* * *
Меня послали на рытье противотанковых рвов с группой студенток; я пробыла там немного более недели. Это было где-то по направлению к Новгороду.
Строило эти рвы много людей, мы были крайней группой.
Еду нам привозили. Но работать было очень трудно: место ровное, деревьев не было, а жара была сильная, мы же все копали землю впервые, и было мучительно жарко, и все время хотелось пить. Воду нам тоже привозили, но ее не хватало.
Радио у нас, естественно, не было.
Немцы же наступали очень быстро. То и дело сообщалось: «На Ровенском (Псковском, Витебском и т.д.) направлении наши войска ведут ожесточенные бои. Противник несет тяжелые потери». Это значило, что город, в направлении которого идут бои, уже занят немецкими войсками. Однажды нам не привезли ни еды, ни воды. Мы продолжали копать землю, ожидая подвозку, и вдруг видим красноармейца.
Он, обнаружив нас, просто застыл на месте от удивления. «Что вы здесь делаете?» — спрашивает. Мы объясняем. Он рассказал, что немцы наступают, что он — связист, а связисты отступают последними; сказал, чтобы мы не теряли времени и быстро уходили вместе с ним.
Он шел с нами до железнодорожной станции, где стояли товарные вагоны-теплушки для отступающих армейских частей. Нас, конечно же, взяли в вагон, и через короткое время поезд пошел. Шел он медленно, но все-таки поздним вечером того же дня мы были в Ленинграде.

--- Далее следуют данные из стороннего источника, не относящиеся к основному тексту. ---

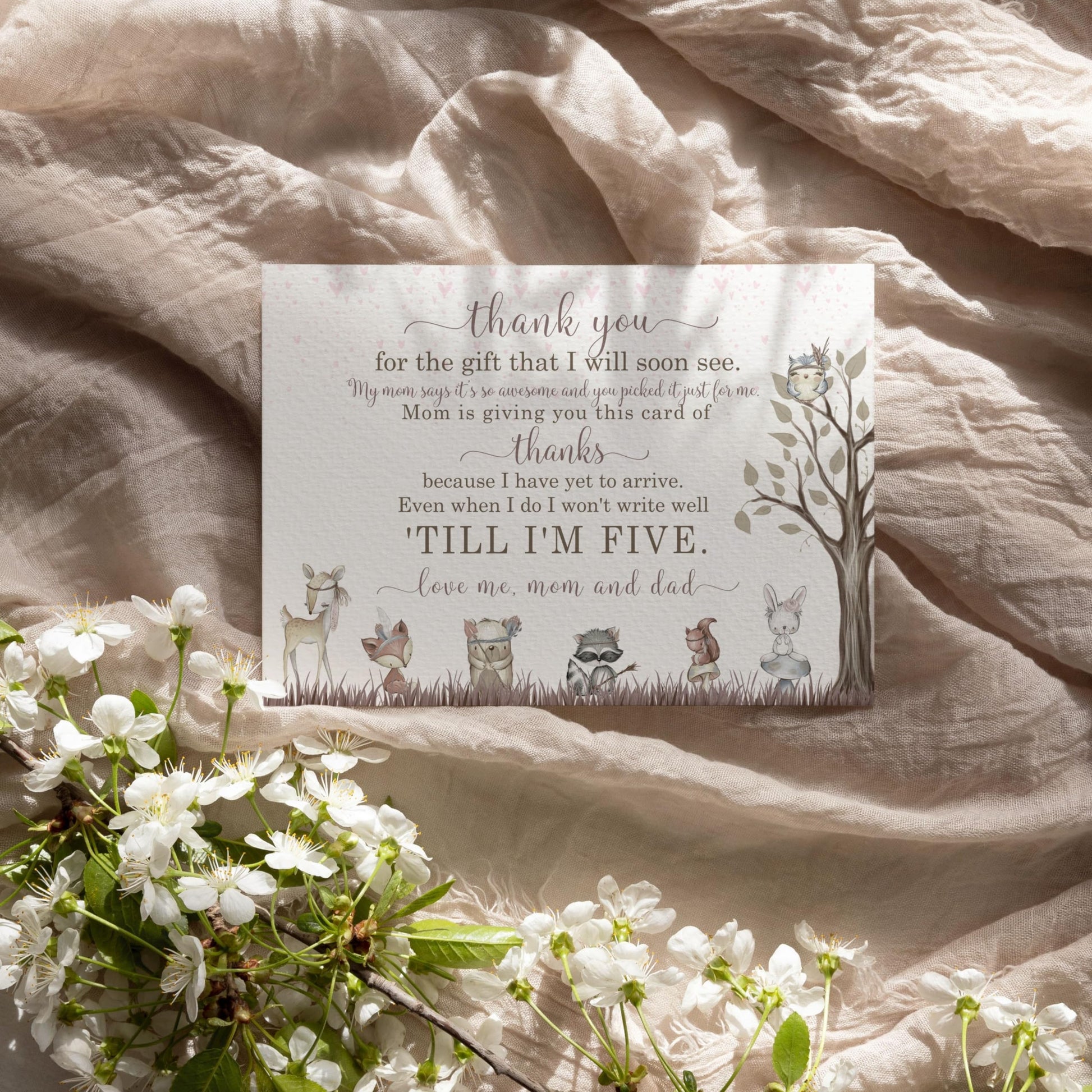 - Q: What is the design of the thank you cards? A: The thank you cards have a charming woodland theme with boho pink accents, making them perfect for a girls' baby shower.

Наша поездка на строительство противотанковых рвов могла кончиться много хуже. Оказывается, уже три дня шли бои на Новгородском направлении; но мы-то и не подозревали, что легко могли оказаться на оккупированной территории.
Я подала заявление о добровольном вступлении в армию: ведь я была почти фельдшером.
Я любила свою страну, считала, что она действительно самая справедливая, самая правильная. Идеи казались мне такими полными человечности, что я даже не могла подумать о том, что в действительности скрывалось за ними.
Отец старался не очень посвящать меня в то, что было скрыто за первым планом, но кое-что, конечно, я знала. И тем не менее, и тем не менее… было убеждение и было чувство: моя страна, моя Родина.
Папа, когда я ему сказала о заявлении (сначала сделала, потом рассказала), положил руку мне на голову и, как бы отогнув меня назад, посмотрел мне в лицо.
«Ну что же, — сказал он. — Правительства бывают разные — и плохие, и очень плохие. Но это — твоя страна.»